In Crouching Beggar, Picasso borrows the bowed head, the narrow silhouette and the atmosphere of nostalgia and regret from El Greco’s painting of the penitent Magdalene. Picasso echoes El Greco’s color choices and projects the female figure against an almost abstract bed of color.
He was urging his Catalan and Catholic audiences to make the connection, Brummel said. In all of his paintings of poor and homeless women, he wanted viewers to “regard these oppressed women as saints, as figures worthy of reverence, as almost devotional figures before whom one would meditate and perhaps contemplate one’s own actions. “said Brummel. .
Picasso’s attention to women throughout 1901 and 1902 is impossible to miss.
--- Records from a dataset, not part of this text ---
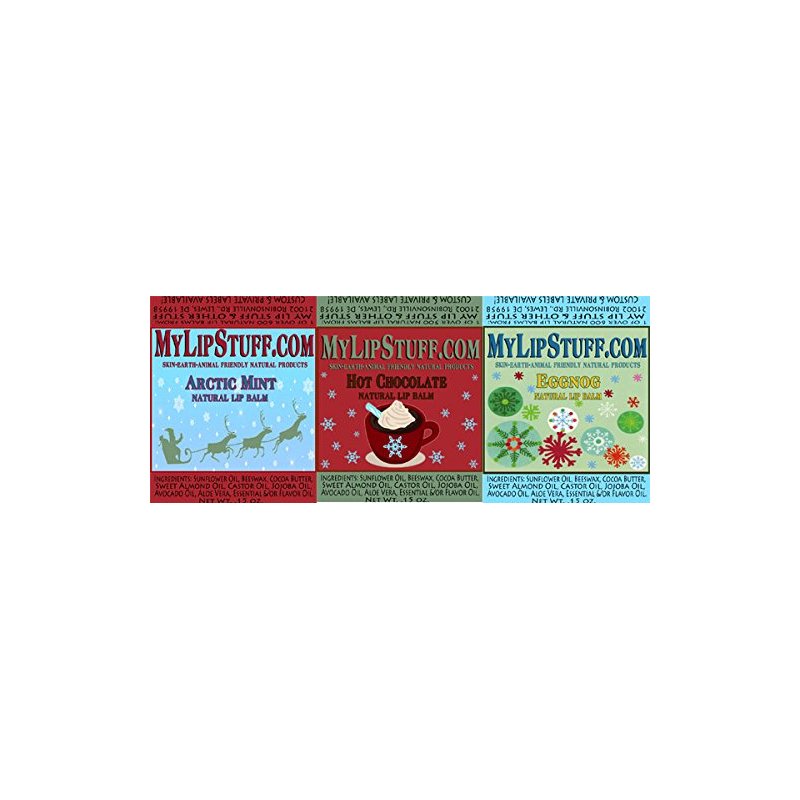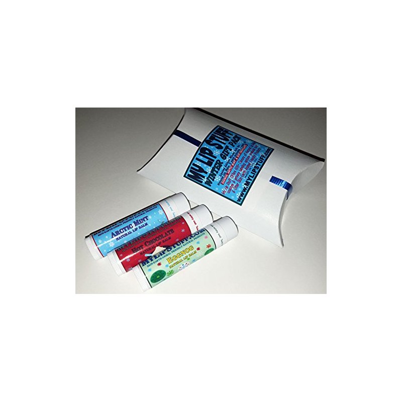 Winter Gift 3 pack includes: Eggnog, Arctic Mint, & Hot Chocolate. ALL NATURAL MY LIP STUFF LIP BALMS! This Amazon exclusive pack makes the perfect gift!
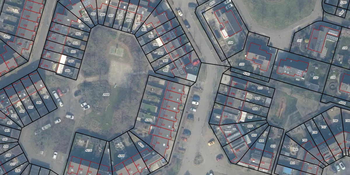 Het perceel waarop Hofmark 116 staat heeft een oppervlakte van 976 m². Dit is een groot perceel. De perceeloppervlakte wordt geregistreerd door het Kadaster. Gedetailleerde informatie over de maten van dit perceel kunt u vinden in het rapport Kadastrale kaart met maatvoering van Hofmark 116.
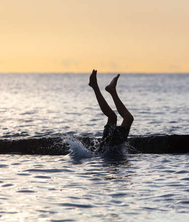 Boy swims in the sea with splashes at sunset.
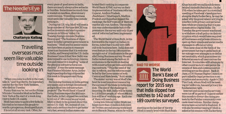But is doing business in India getting any easier, and is foreign investment going to flood into infrastructure projects? The World Bank’s Ease of Doing Business report for 2015 says that India, in fact, slipped two notches to 142 out of 189 countries surveyed. Modi is likely to be quizzed about this on his U.S. visit. Yet, instead of concern and a serious resolve to get better very fast, several Indian states celebrated their ranking in a separate World Bank-KPMG survey on their implementation of business reforms. Gujarat, Andhra Pradesh, Jharkhand, Chhattisgarh, Madhya Pradesh and Rajasthan topped the rankings; the BJP rules all of them except for ally-run Andhra. The exultation was understandable but a trifle premature: the survey said only 32 per cent of reforms had been implemented.
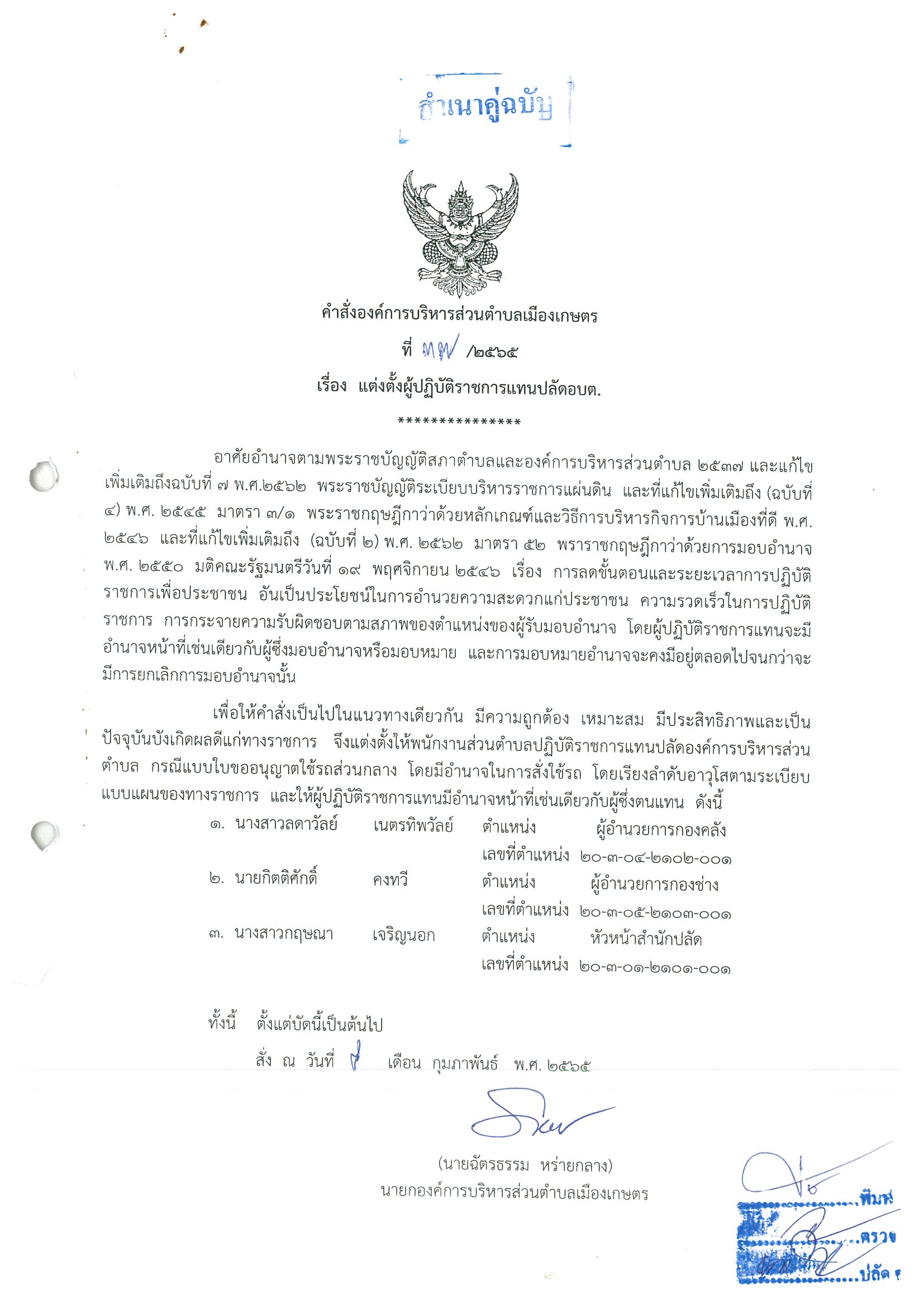 คำสั่งแต่งตั้งผู้ปฏิบัติราชการแทนปลัดอบต.

But it was something he shared with other painters concerned with social justice.
“Those who wanted to correct issues of class and inequality, those who wanted art viewers to focus on issues of poverty, (for them) the single woman – that’s, I have to say, a poignant trope. when you think of single women struggling with children, forced to work, living in poverty. It’s a universal allegorical image that anyone can relate to, ”said Brummel.
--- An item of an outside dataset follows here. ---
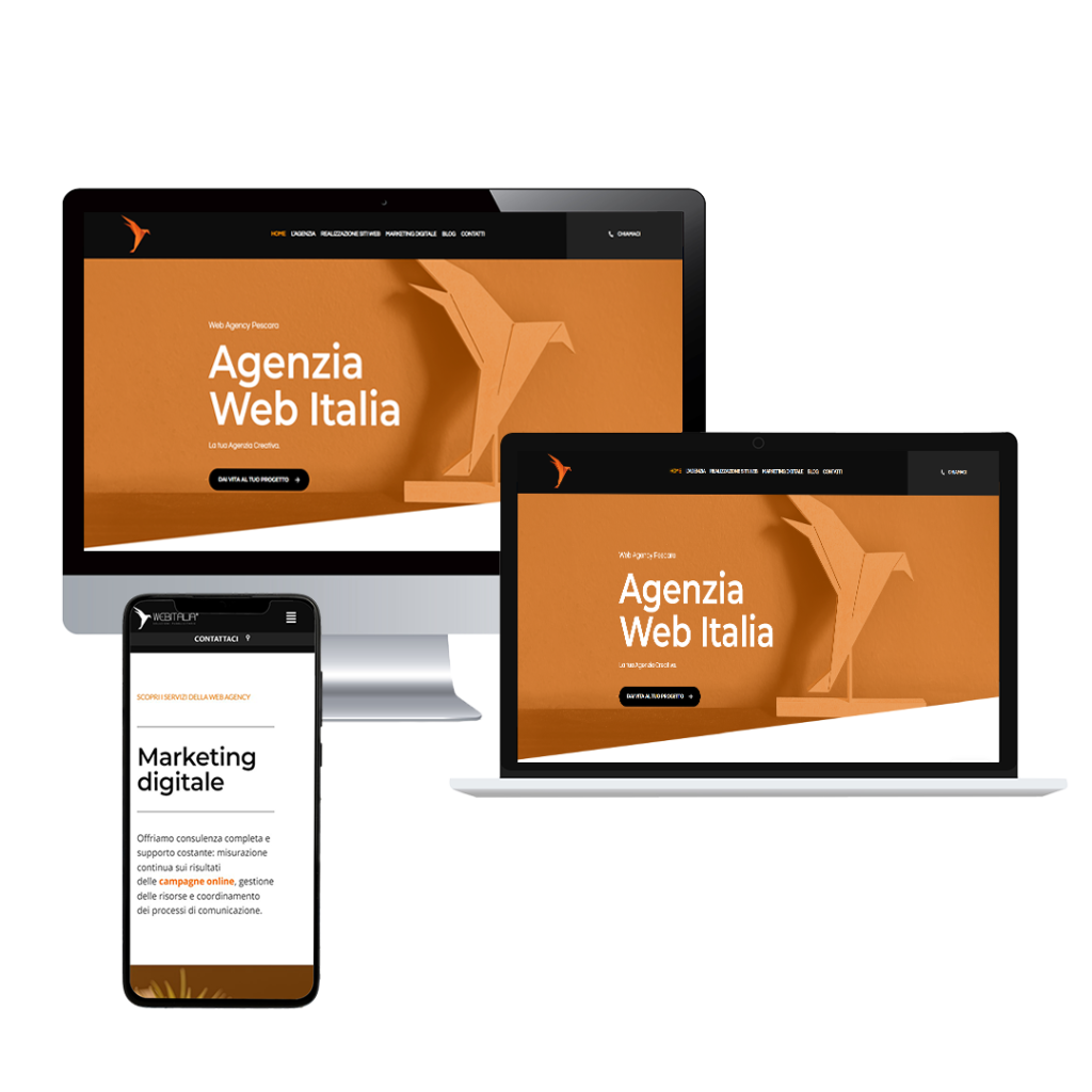 Noi di Agenzia Web Italia® svolgiamo da anni il lavoro di web agency Pescara con successo e dedizione sul territorio italiano, specializzandoci come agenzia di comunicazione in Abruzzo, lavorando nella progettazione e realizzazione di siti web, creazione di loghi, social media marketing, web marketing, indicizzazioni siti web SEO, per le imprese

After two years of focusing on women, Picasso in 1903 turned to painting men – especially veterans who had returned from the Spanish American War, many of whom were blind and mutilated. Although it is still generations to recognize post-traumatic stress disorder, Picasso understood that these men had been ruined for life by one of the earliest examples of industrial-scale warfare.
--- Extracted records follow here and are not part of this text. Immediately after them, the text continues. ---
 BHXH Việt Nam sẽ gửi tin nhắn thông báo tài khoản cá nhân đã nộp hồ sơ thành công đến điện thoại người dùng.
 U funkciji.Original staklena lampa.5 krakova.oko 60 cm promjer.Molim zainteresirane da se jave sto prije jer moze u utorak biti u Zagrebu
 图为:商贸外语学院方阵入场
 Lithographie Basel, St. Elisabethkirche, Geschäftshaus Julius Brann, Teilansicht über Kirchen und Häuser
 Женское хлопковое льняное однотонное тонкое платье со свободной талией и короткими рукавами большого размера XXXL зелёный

El Greco’s Tears of St. Peter becomes the source of the young artist.
“He uses El Greco to try to create a pathos around these blind men, these mutilated men, so that you, as a spectator, don’t just sympathize with them, but I also think that you are outraged by them. name, ”Brummel said.
For Picasso and the generation of young artists who surrounded him in Barcelona and Paris, Catholic culture was always at hand to provide visual language for their concerns.
“They were extremely progressive Catholics, who used their beliefs as a justification to think about social justice and to right the evils of industrial society,” Brummel said.
Fast forward a few decades and progressive Catholics lost to the generalisimo Francisco Franco and the fascists, who declared a cultural war on modern art and artists. An increasingly rigid and reactionary Church in Spain accompanied them. For Picasso, who imbued his faith with art and his art with faith, it was a horror.
“When you believe in the power of art and its autonomy, and you believe that art is capable of bringing about social change, and you almost ask people to worship a painting because you believe it has power, there is a certain belief system that is very similar to religion, ”Brummel said. “As a modernist, which is what Picasso is above all else, I think the ban on abstract forms by fascist governments in the 1930s was an assault on his being.”